まとめ|iptablesの正体とファイアウォール設定で押さえる要点

iptablesは、Linuxカーネル内でパケットを検査するNetfilterに対して、「この通信は通す・この通信は落とす」というルールを与えるコマンドです。ルールはテーブルとチェインという入れ物に整理されます。通信の許可・拒否を担うのがfilterテーブルで、その中にサーバーへ入る通信を見るINPUT、出て行く通信を見るOUTPUT、通り抜ける通信を見るFORWARDというチェインがあります。各チェインに上から順のルールを並べ、最初に一致したルールのターゲット(ACCEPTで許可、DROPで無言破棄、REJECTで拒否応答)で運命が決まる仕組みです。

実務でまず押さえたいのは、iptablesの設定は「基本を全部拒否にして、必要な通信だけ穴を開ける」順序で組むこと、そして接続追跡(conntrack)を使ってESTABLISHEDな戻り通信を許可し、SSHで自分が締め出されないよう最初にSSHの許可ルールを入れることです。もう一つ避けて通れないのが永続化で、iptablesのルールはメモリ上にあり再起動で消えるため、iptables-saveとiptables-restoreで保存・復元する必要があります。加えて、主要ディストリビューションの既定は後継のnftablesへ移行が進んでおり、新規構築ではnftablesやfirewalld・ufwといった上位ツールを選ぶかどうかも含めた設計判断が必要です。以下で定義・仕組み・設定・移行判断を順に解説します。

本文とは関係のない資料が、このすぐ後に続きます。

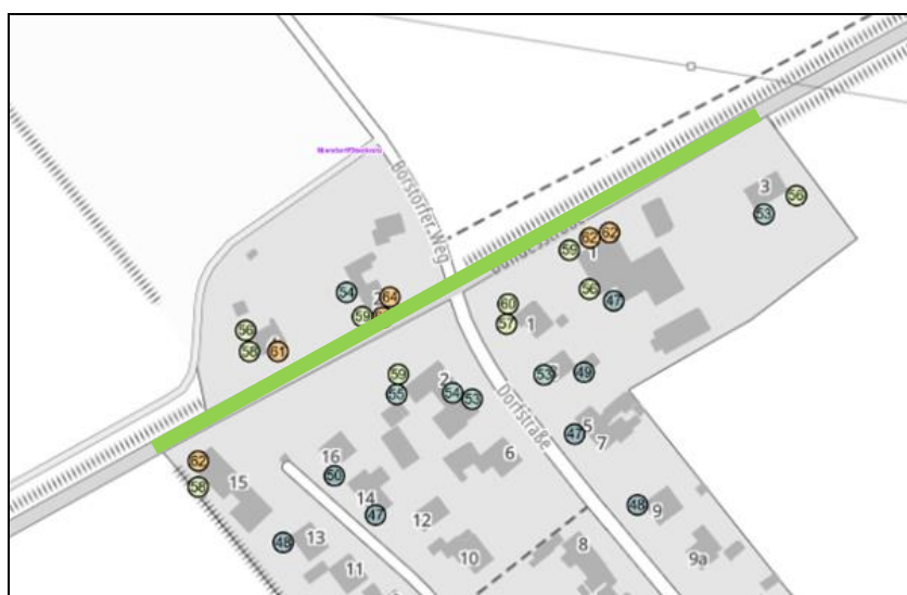
Abbildung 2: Tempo 50 Ortsdurchfahrt B207 Niendorf a.d.St.

Trotz eines potenziell eingebauten lärmarmen Asphalts verbleiben, vorbehaltlich einer Überprüfung nach RLS-90, Lärmbelastungen, die über den Lärmvorsorgewerten liegen. Daher sollte in der Ortsdurchfahrt auf der B207 Tempo 50 ganztags umgesetzt werden, um die sehr hohen Lärmbelastungen an den angrenzenden Wohngebäuden zu reduzieren.

iptablesとは|Netfilterを操作してパケットを取捨するファイアウォール

最初にiptablesが何を操作しているのかを固めます。ここが曖昧だと、後半のnftablesとの違いや、firewalldをかぶせる構成の意味が捉えづらくなりがちです。iptablesは単体でパケットを止めているのではなく、カーネル内のパケット検査エンジンへ指示を書き込むコマンドとして動きます。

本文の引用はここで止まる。